Wednesday, September 22, 2010

A new day

I feel like there is a giant hole in my heart and with every breath I take I have to fight back tears. I know that this lost and painful feeling will pass with a little time. I went to bed early last night hoping that I would get some rest. Most of the night was spent tossing and turning. I did not have you here to put your arm around me. This is one thing that will take a while to get use to. 

Today I plan on getting some things done my number one is to get the garage cleaned up so I can park in there before the snow starts to fall. The other is to get all of your things put in a safe place so that moths and dust don't ruin them. I fear this will be the hardest part of my day.

Brooke went straight to her flat daddy this morning and gave him a kiss and talked to him. Then she took him to the living room so that he could watch Blues Clues with her before she left for Pre-school. This is so very precious and did in fact make me cry. She misses her daddy.

I will smile today knowing that even though you are away from me I am in your every thought and you love me and miss me as much as I do you.

xoxoxo, Rachel


Tuesday, September 21, 2010

I'll be seeing you


This will be the first of many posts to come. I am calling this blog Operation Acorn. This is my personal journey during this first deployment that I now face. Why Acorn you might ask? Its the nickname that my wonderful husband has given to me.

Today was one of the hardest days of my life. The last morning I had with him for a year and his final moments were rushed and I didn't even get a kiss goodbye... This is not at all how I expected it to be. I just wanted to hold onto him and never let go. The tears flooded my face and It took everything in me to not completely break down. We had a lot of family support today and I thank you all for being there for us on a day when we really needed you.

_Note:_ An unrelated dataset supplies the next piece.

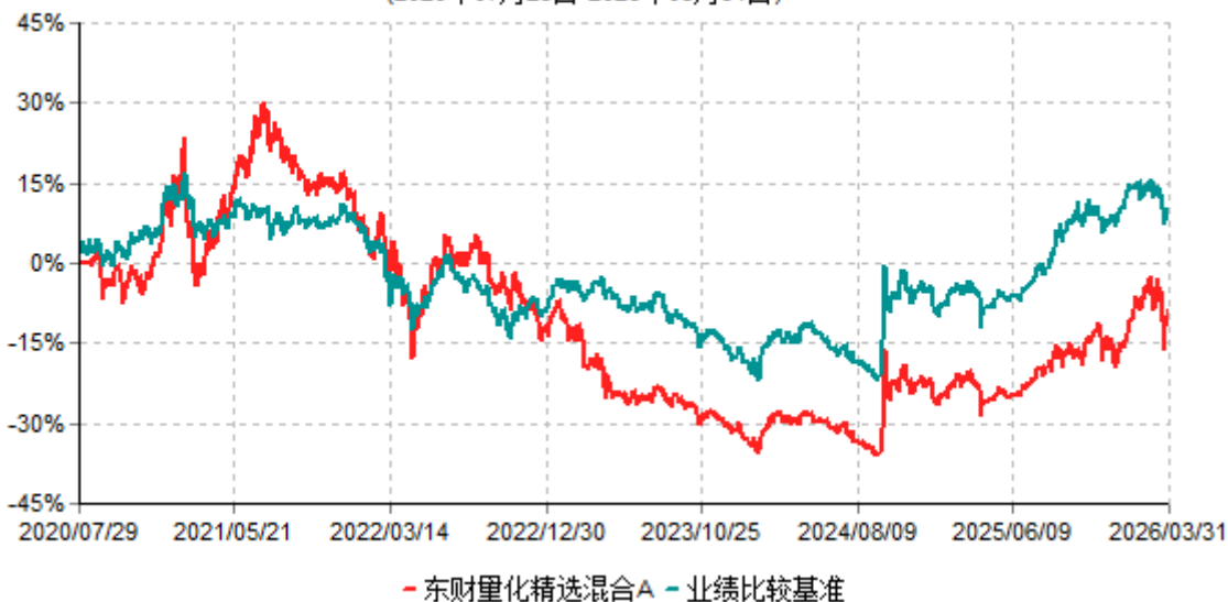
东财量化精选混合A累计净值增长率与业绩比较基准收益率历史走势对比图 (2020年07月29日-2026年03月31日)

We got a flat daddy and little miss watched The Princess and The Frog with him today. It was so sweet she sat right next to him on the couch and kept smiling. I will post a pic later of this flat daddy. Its pure genius I tell ya! 

Over all I would say that I'm holding up pretty well. If I could shut my brain off that would be amazing! Little random crying sessions keep happening and I imagine that will be, for a while yet. I know that life will fall into a routine and this year will fly by. Stay busy, stay healthy and laugh often! Oh and watch The Vampire Diaries every Thursday night online that helps too!